THE PROBLEM. Reproduce every line below exactly as written; do not include the images.
(DATA FOR THIS TASK)
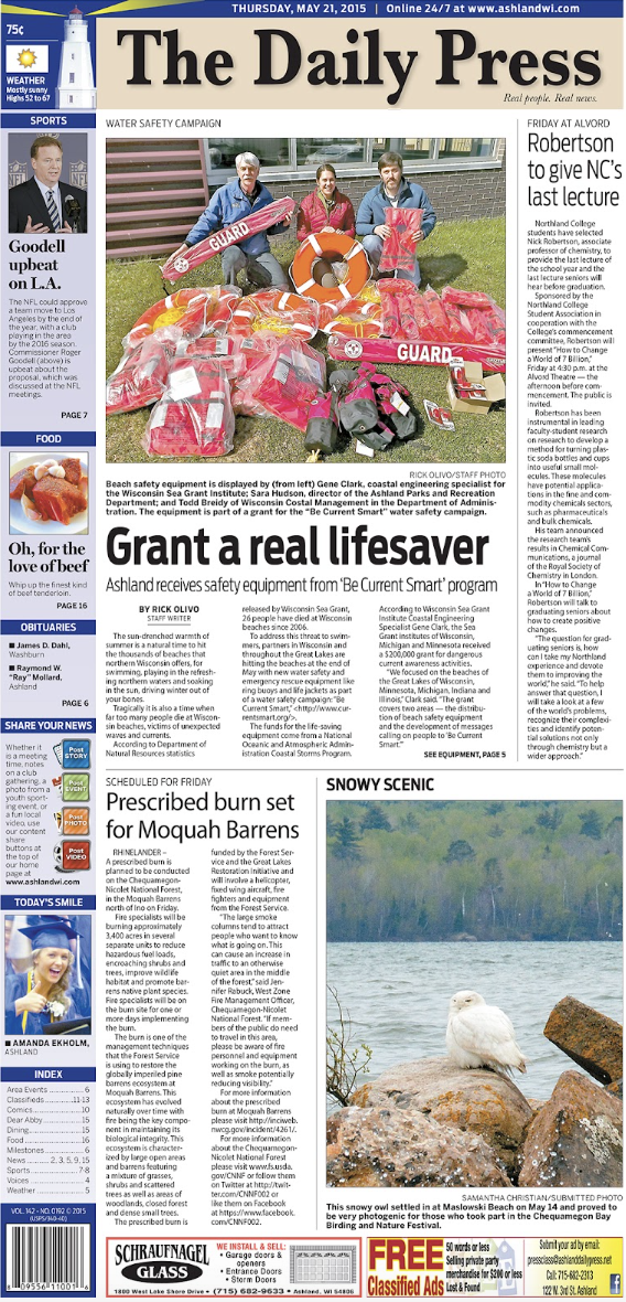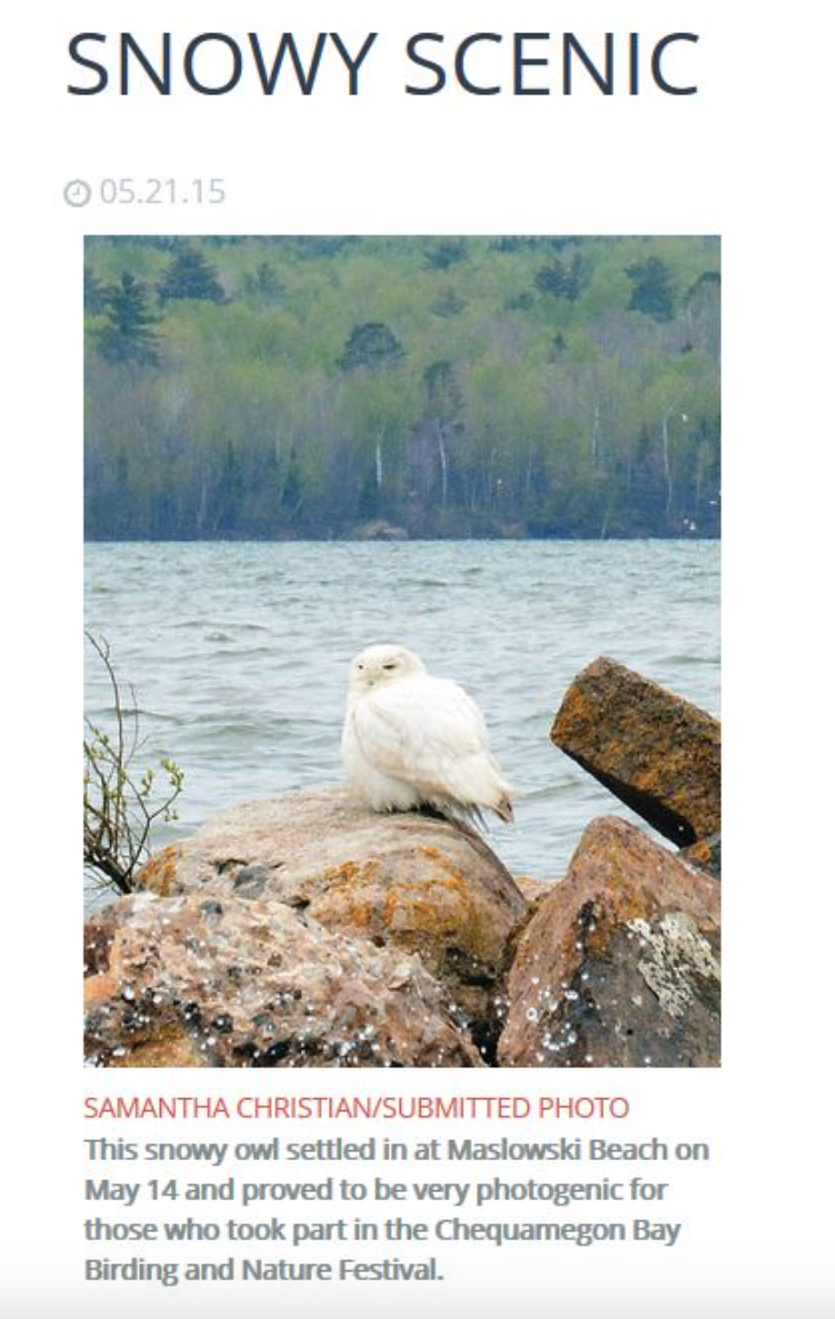 Today, the Ashland Daily Press newspaper published the photo I took of a snowy owl during the Chequamegon Bay Birding and Nature Festival last week.
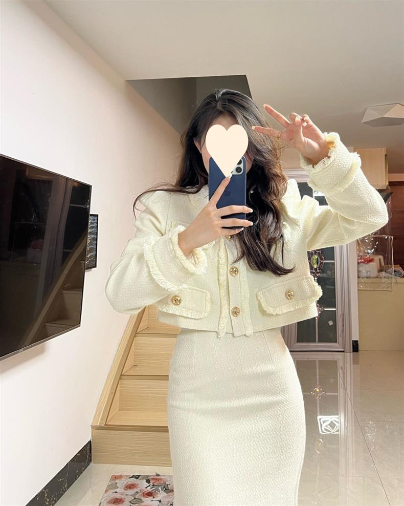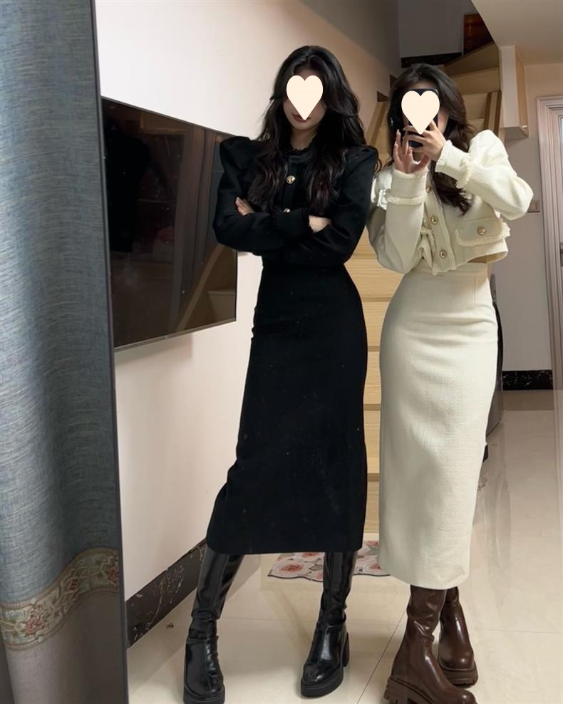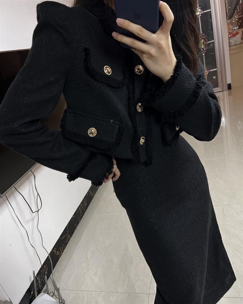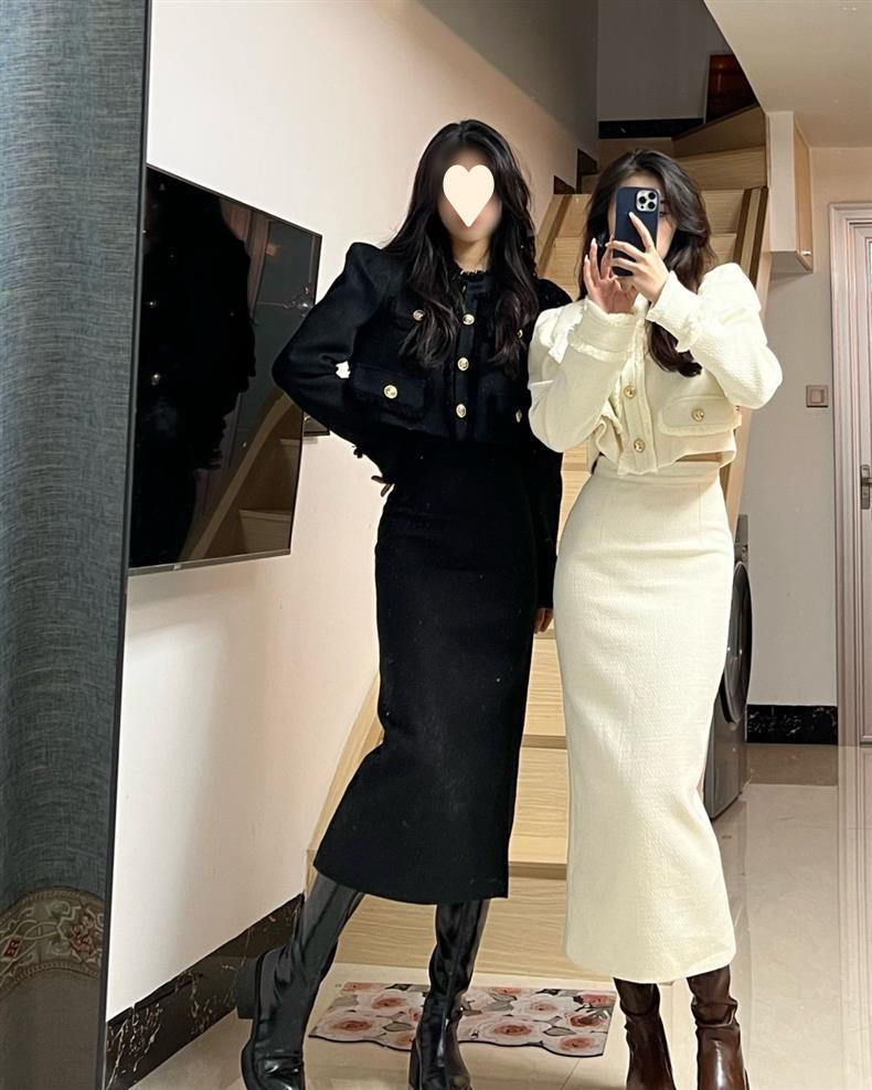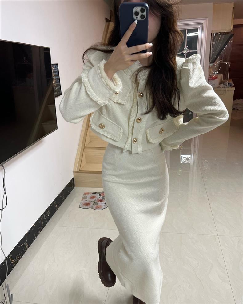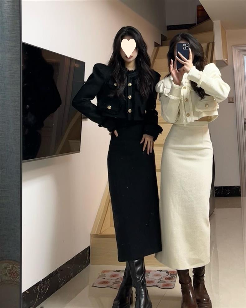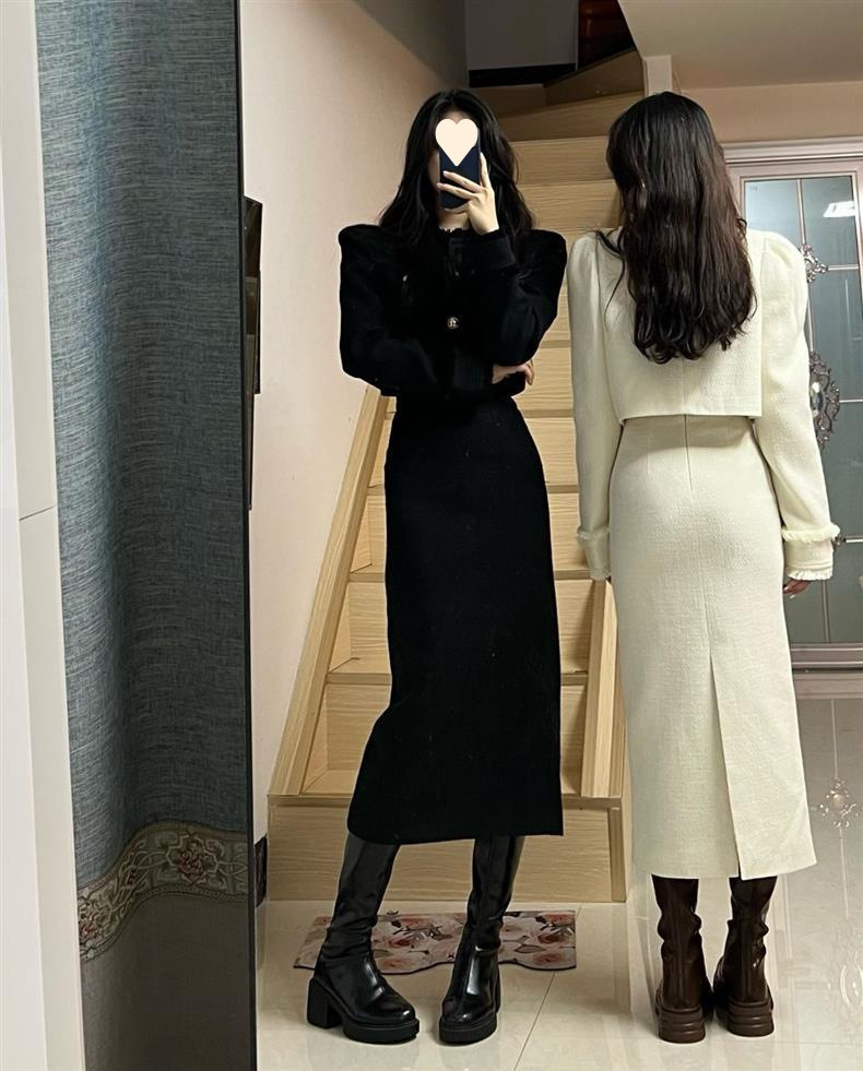 Новый модный костюм для женщин осень-зима, короткий пиджак, стройнящий вид, разрезанная длинная юбка
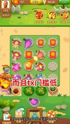 2、在暴打僵尸红包版中,玩家需要不断完成合成,提升炮台等级,才能更快地击败僵尸并获得更多的福利。
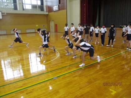 今日は、雨天だったため、体育館で短距離走の練習をしました。
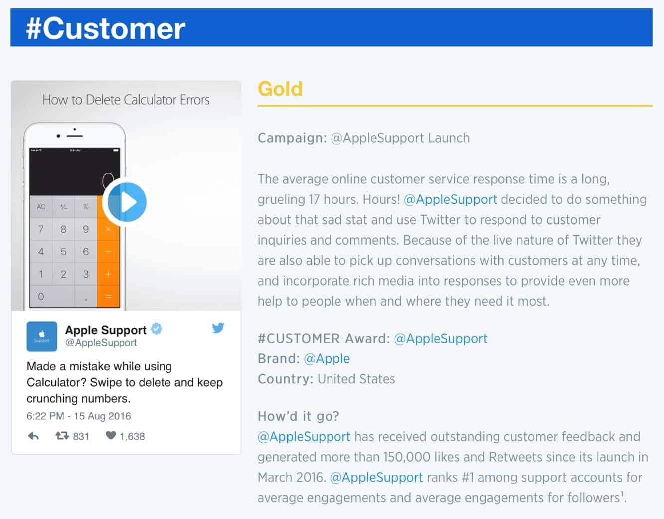 In Twitter’s first annual #TwitterAwards, the social network has presented Apple with the Gold #Customer Award for its highly successful launch of the @AppleSupport Twitter account in 2016 — the first time Apple has operated any kind of official support account on a social networking site.
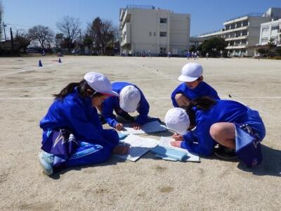 1年生はチームごとに「宝運び鬼」の作戦会議です。
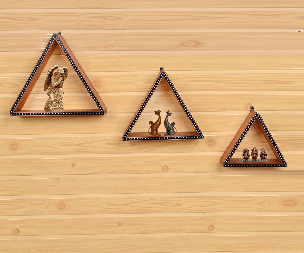 Cele 3 rafturi in forma de triuunghi le poti aranja impreuna pe un perete, sau separat, deasupra canapele sau patului. Sunt practice si cu siguranta rafinate, creand un set atemporal si atragator. Poti aranja pe ele carti, poze sau o sculptura art nouveau.
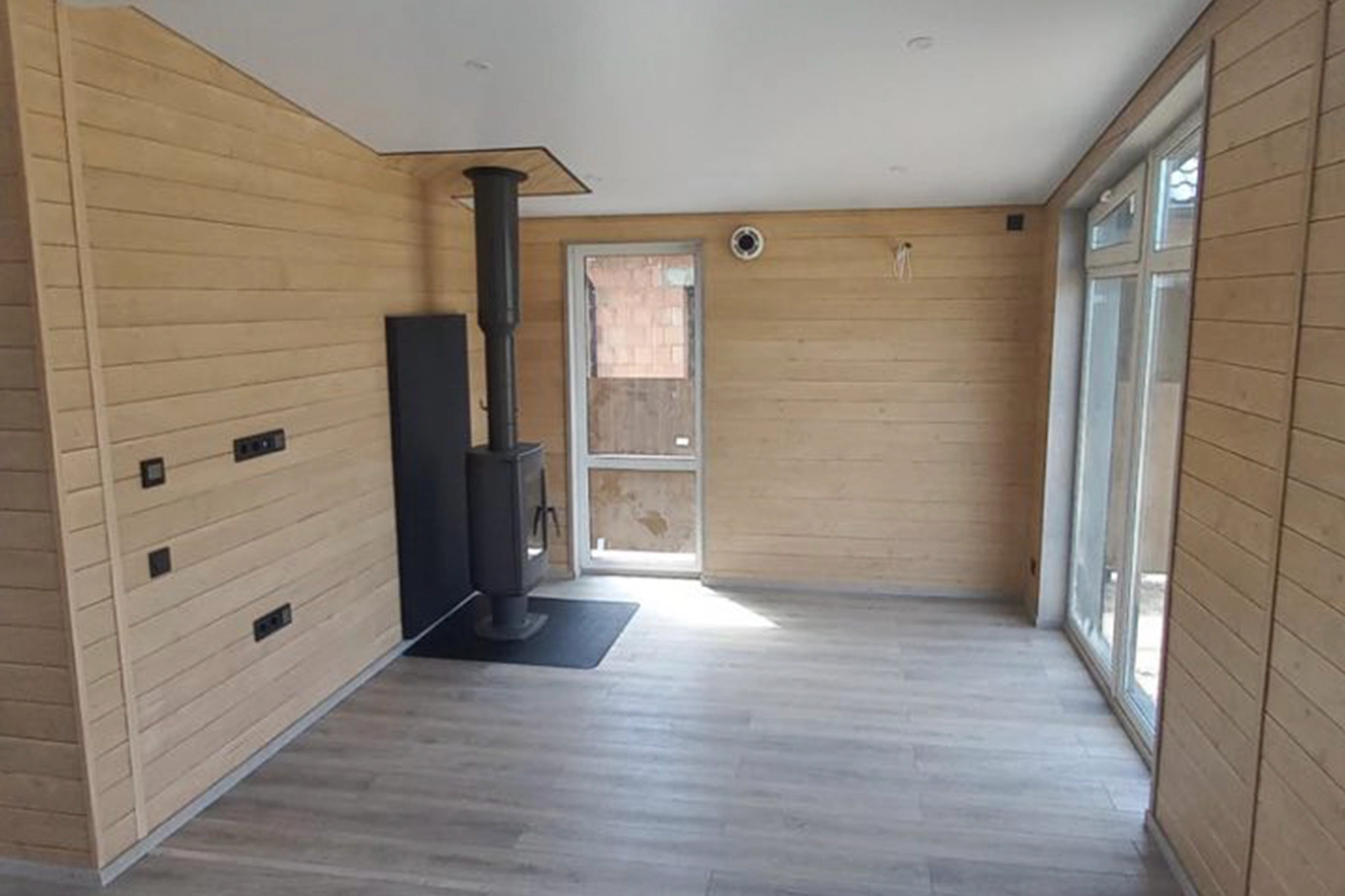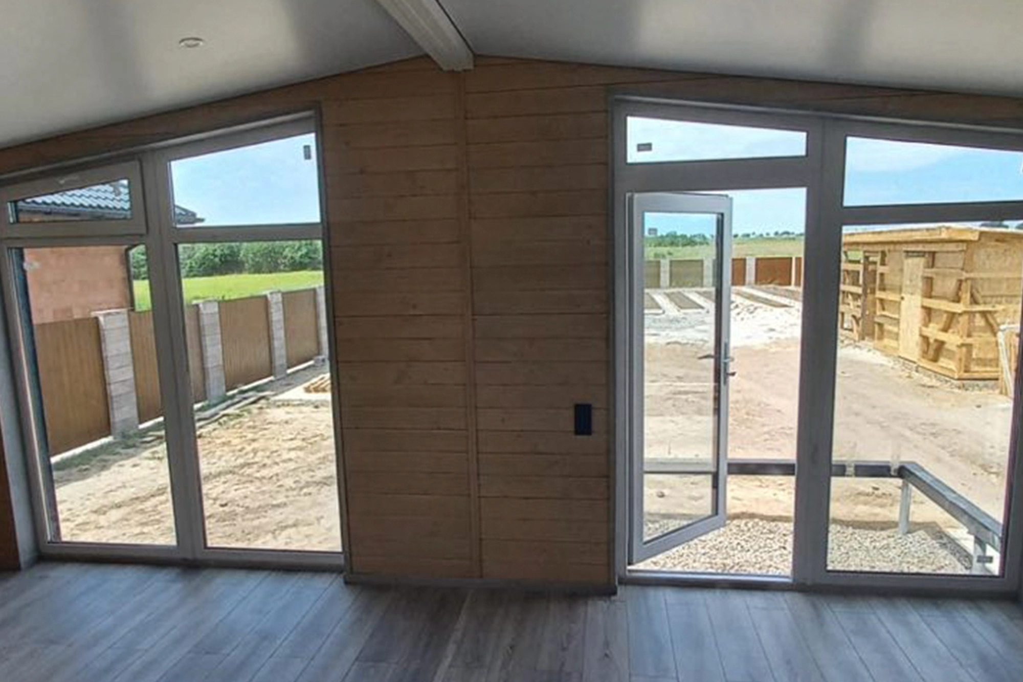 Повністю готовий будинок із преміальним ремонтом. Стіни оздоблені гіпсокартоном та фарбовані у відтінки, вибрані за палітрою зимовника. Встановлені вікна та двері вищого стандарту. Проект передбачає місце для установки каміну, створюючи атмосферу затишку та розкоші.
(End DATA FOR THIS TASK)
SOLUTION TO THE EXERCISE.
 Today, the Ashland Daily Press newspaper published the photo I took of a snowy owl during the Chequamegon Bay Birding and Nature Festival last week.
 Новый модный костюм для женщин осень-зима, короткий пиджак, стройнящий вид, разрезанная длинная юбка
 2、在暴打僵尸红包版中,玩家需要不断完成合成,提升炮台等级,才能更快地击败僵尸并获得更多的福利。
 今日は、雨天だったため、体育館で短距離走の練習をしました。
 In Twitter’s first annual #TwitterAwards, the social network has presented Apple with the Gold #Customer Award for its highly successful launch of the @AppleSupport Twitter account in 2016 — the first time Apple has operated any kind of official support account on a social networking site.
 1年生はチームごとに「宝運び鬼」の作戦会議です。
 Cele 3 rafturi in forma de triuunghi le poti aranja impreuna pe un perete, sau separat, deasupra canapele sau patului. Sunt practice si cu siguranta rafinate, creand un set atemporal si atragator. Poti aranja pe ele carti, poze sau o sculptura art nouveau.
 Повністю готовий будинок із преміальним ремонтом. Стіни оздоблені гіпсокартоном та фарбовані у відтінки, вибрані за палітрою зимовника. Встановлені вікна та двері вищого стандарту. Проект передбачає місце для установки каміну, створюючи атмосферу затишку та розкоші.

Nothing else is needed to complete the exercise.